El magnífico cerro Chaltén. Foto: Agustina López

Caminamos al lado de un río gris lechoso hasta llegar a Laguna Torre, con sus témpanos de glaciar. Al Cerro Torre no lo vimos, por la nubosidad. Fueron 18 kilómetros en total, más de seis horas caminando, pero nos llevamos con nosotras que el lema de El Chaltén debería ser una frase de Neruda: “Si no escalas la montaña, jamás podrás disfrutar del paisaje”.

Día 5

El día comenzó temprano con rumbo a El Calafate, mientras el monte Fitz Roy se hacía cada vez más pequeño en el espejo retrovisor. Algún día volveremos para hacer más trekking. 

 

Datos Útiles

Desde El Calafate hasta El Chaltén hay 214 kilómetros. Se puede ir en auto alquilando en www.bookingcars.com desde $4.000 el día, con opción de cancelación gratuita. O en colectivo “Marga Taqsa”, $3.800 ida y vuelta desde el aeropuerto, con salidas a las 8 o 12.30.

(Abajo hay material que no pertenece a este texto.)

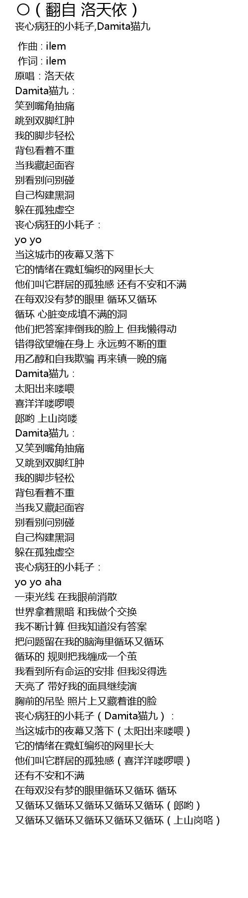 | [02:56.261] | yòu xún huán yòu xún huán yòu xún huán yòu xún huán yòu xún huán láng yō |

Chalten Suites Hotel. Desde $8.900 una habitación basic, con desayuno incluido. Abiertos desde octubre a abril inclusive. Alfajores Chalteños: 6 unidades a $650. Vianda completa para trekking, con sándwich, agua, barra de cereal, jugo y fruta en hotel $650. “Ahonikenk”: milanesa con papas fritas $590, pasta desde $480. “La Tapera” ravioles de cordero $980, bife de chorizo con papas $1.400.

Época ideal para viajar: fines de septiembre hasta primeros días de mayo.